The rest of the film focuses on Larry Gopnik, played by Michael Stuhlbarg, an actor who has been in many movies that you've seen, but never in any role that you'd remember. This is a period piece, and judging from the technologies that the characters use (and the fact that one character is obsessed with F-Troop) it must be the mid to late 1960s. This tidbit of information isn't really crucial to the plot, but then again, neither is anything else in this film. Larry is a professor of physics and a family man who... look, it's not really that important. All you need to know is that the movie is very Jewish (not like in the Woody Allen sense, but more like it is steeped in American Jewish culture and norms), bad things happen to Larry, every single one of which is exacerbated by the fact that he won't stand up for himself when the film's cast of detestable, selfish, self-centered individuals take advantage of him. Things start to go bad for Larry the moment his wife (played by Sarri Lennick in a makeup job so unsettling that she looks like every stereotype of a "Jewess" and succubus mashed together into one beautiful and terrifying hell-spawn) demands a divorce because she's into another man, widower Sy Ableman who is many years her senior. Have I mentioned that not one of these characters is likable? Not one? It's meant to be seen as a dark comedy (kind of like
Fargo) I think, but the characters aren't particularly memorable, most of the "jokes" are just mean-spirited jabs at Larry's cuckold status, and the entire plot just slogs along at a snail's pace, so much so that Brian actually stepped out for a lengthy phone call and still didn't miss anything important (although he did miss the film's funniest moment BY FAR, when "the second rabbi" tells Larry a rambling story about a dentist's search for God. You really have to watch the film for context. But don't though, it's not
that funny).
A seriously bad movie
I hated this film. No, there's really no way to sugarcoat it. I LOATHED it, and I really don't know the reasons why. The film is shot beautifully, with perfect set pieces that really give someone the sense of what Minnesota suburbs in the 60s might have been like. The main character is a wishy-washy idiot who won't take ownership of his own life, and every other character just uses him for personal gain or to make themselves feel self-important. Scenes start, scenes go nowhere. Interesting parts are merely dreams and recollections, everything is random and nothing gets resolved. But you know what the strangest thing is?

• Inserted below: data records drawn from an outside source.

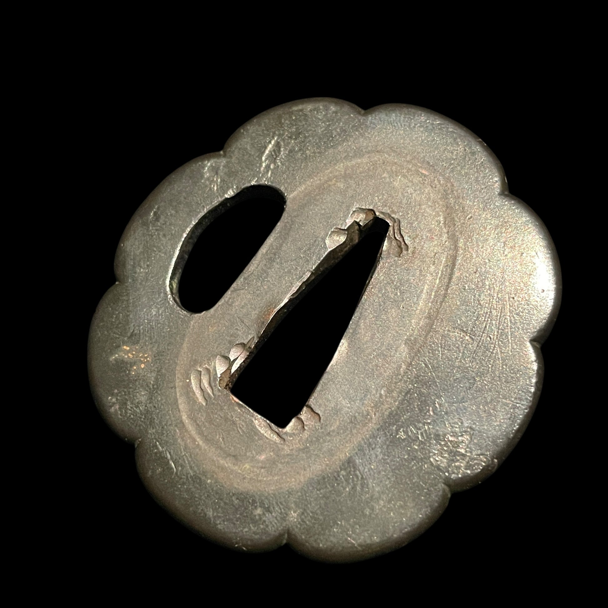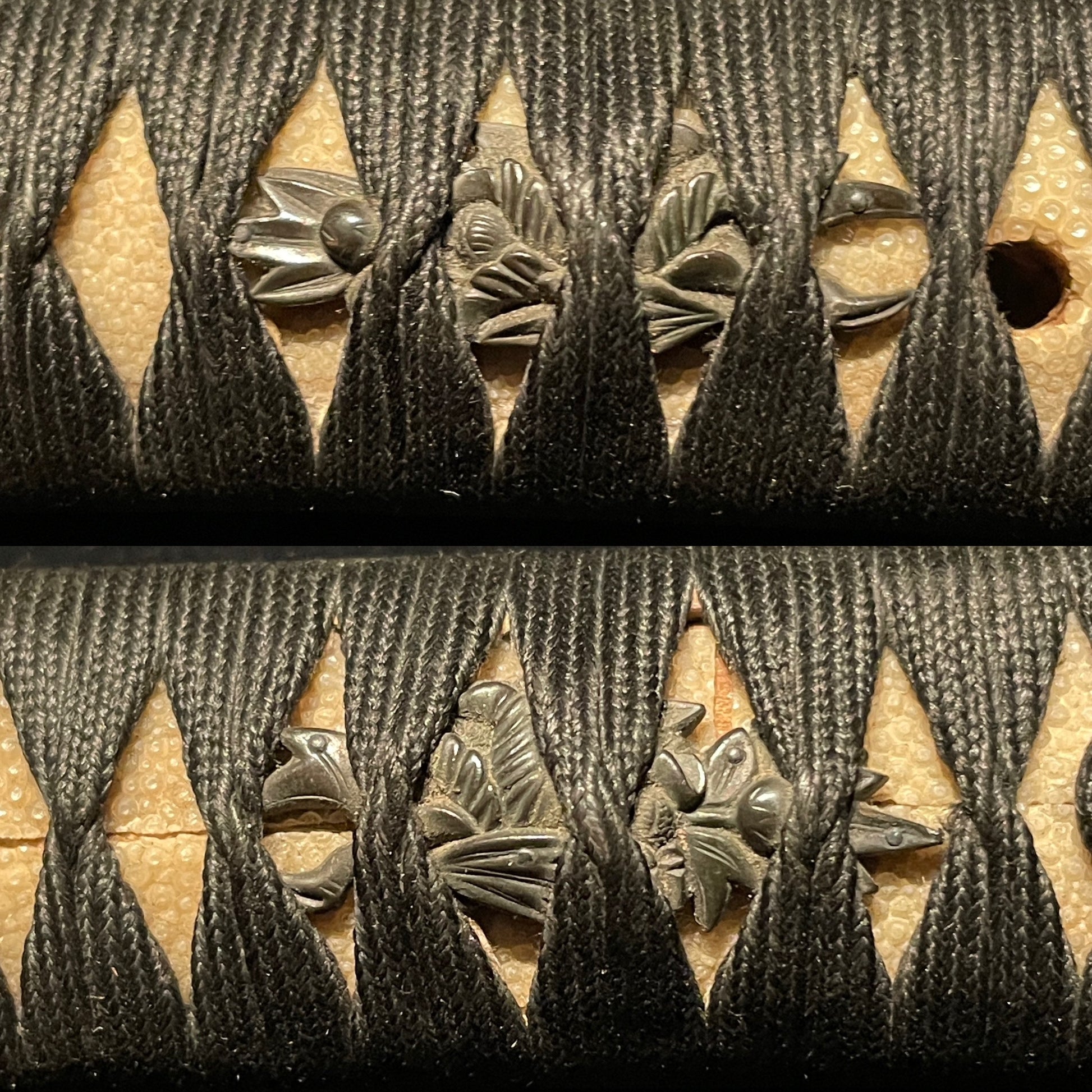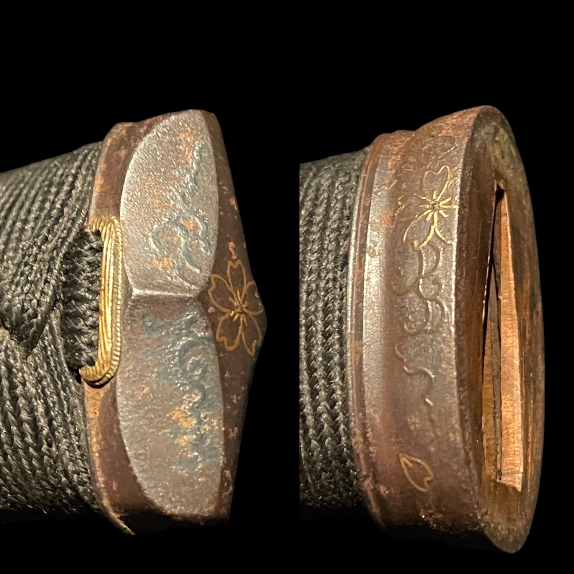 The iron Kashira has an interesting shape, the Tsuba and Menuki are made of red copper.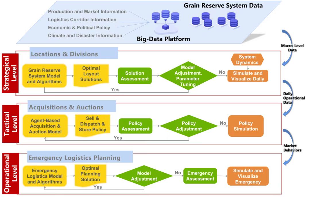 为兼顾系统运作经济性的情况下提升粮食应急保障能力,研究团队针对我国粮食应急保障体系中面临的战略布局、优化运作与应急调度三大问题,通过定性研究与定量研究相结合,采用不同的数据驱动方法进行问题建模求解,以优化系统运营经济性和应急响应能力为目标,充分考虑粮食储藏特性、经济特征和代储企业行为特征。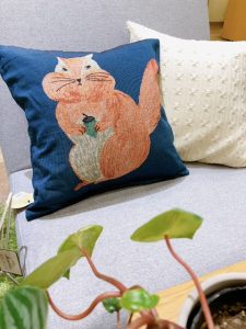 非常にインテリアに馴染みやすく、松尾ミユキさんの世界観に浸れるクッションカバーです。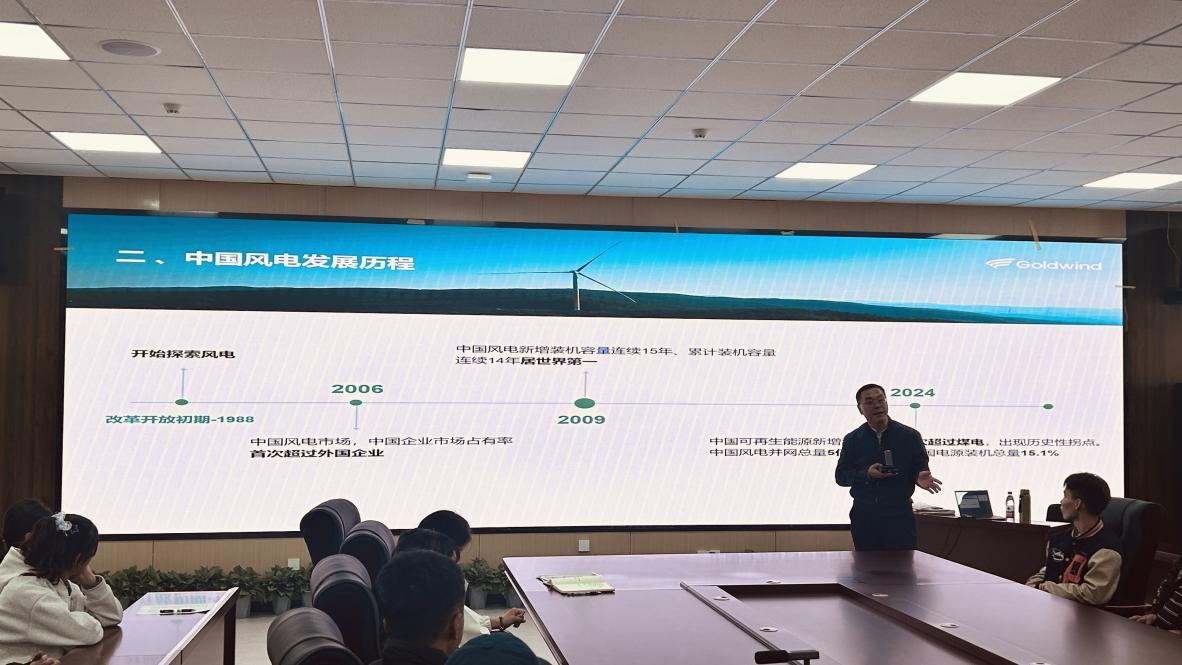 作为从母校走出、深耕风电领域多年的行业从业者,杨华副总经理还结合自身职业经历,向在场学生分享成长感悟。他鼓励同学们锚定风电、新能源专业赛道深耕细作,既要珍惜在校时光夯实理论基础,也要通过实践不断锤炼专业技能,未来以过硬本领为行业高质量发展贡献青春力量。同时,他也向母校表达深切期许,希望母校持续发挥专业办学优势,培养更多契合产业需求的高素质技术人才,为风电产业发展注入源源不断的“新疆职大力量”。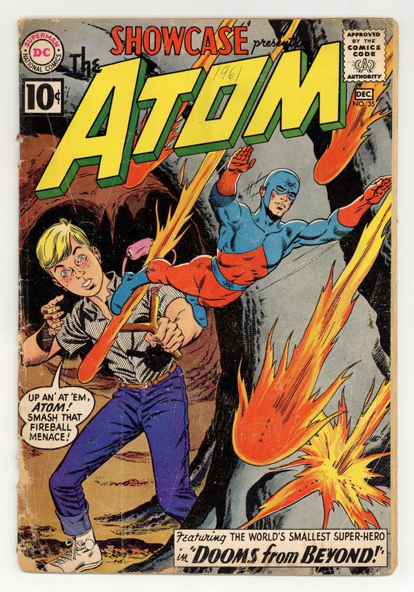 Cover pencils by Gil Kane, inks by Murphy Anderson. 2nd Silver Age Atom appearance in "The Dooms from Beyond!", script by Gardner Fox, pencils by Gil Kane, inks by Murphy Anderson; When Dr. Gordon Doolin is preparing to look for funding to build a hospital in a third world country, he learns that he's really the heir to the Heath fortune; In spite of the fact that there is a family curse, Doolin legally changes his name back to Heath to collect the fortune before the deadline; Taking up residence in his grandfather's old home, Doolin apparently becomes a target of the ancient curse; Ray Palmer gets involved because Jean is the lawyer in charge of executing the will; As the Atom, Ray manages to protect Doolin from the various apparent curses comprised of the various elements. 2-page text feature with autobiographies of Fox, Kane, and Anderson. 36 Pages, Full Color. Cover price $0.10.

This movie is a phenomenal critical success
I can't figure this one out. It scores 79% out of 35 reviews on
Metacritic.com. It scores 89% on
Rotten Tomatoes. That's the same score as
The Imitation Game, an actually entertaining period piece with actually entertaining characters that actually has something to say. I really don't know how this detestable piece of film stays so high up. Am I missing something? I'm not saying that I haven't - I had to watch
No Country For Old Men twice before I got something out of it, but I never want to watch
A Serious Man again. Hell, I don't even want to be in the same room with it. Adam Arkin couldn't even save it, and I like me some Adam Arkin!
Let the conspiracy theory commence
You know what I think it is? I think that this film gets a free pass. That's all. Everyone likes
The Big Lebowski, right?
No Country For Old Men sure was deep. Okay, so I don't understand this movie, so it must be good -- on the level of the other Coen bros. films, I reckon. Maybe the 1960s setting appeals to aging film critics, hungry for a glimpse of their bygone youth. Or maybe it's more than that. Perhaps it's inflated by a community of Jewish critics so starved for works of cultural reference (if not significance) that the moment one comes along directed by Jewish filmmakers with a conscious effort to include as much Jewish periphery as possible, they jump for joy, kind of like the way evangelical Christians support all of their (unbelievably incredibly shitty) movies. That's all that I can figure out. This horrid film just gets a free ride. Please note film critics, that style on its own is not substance, good acting on its own is not good writing, and artistic merit on its own is not entertaining.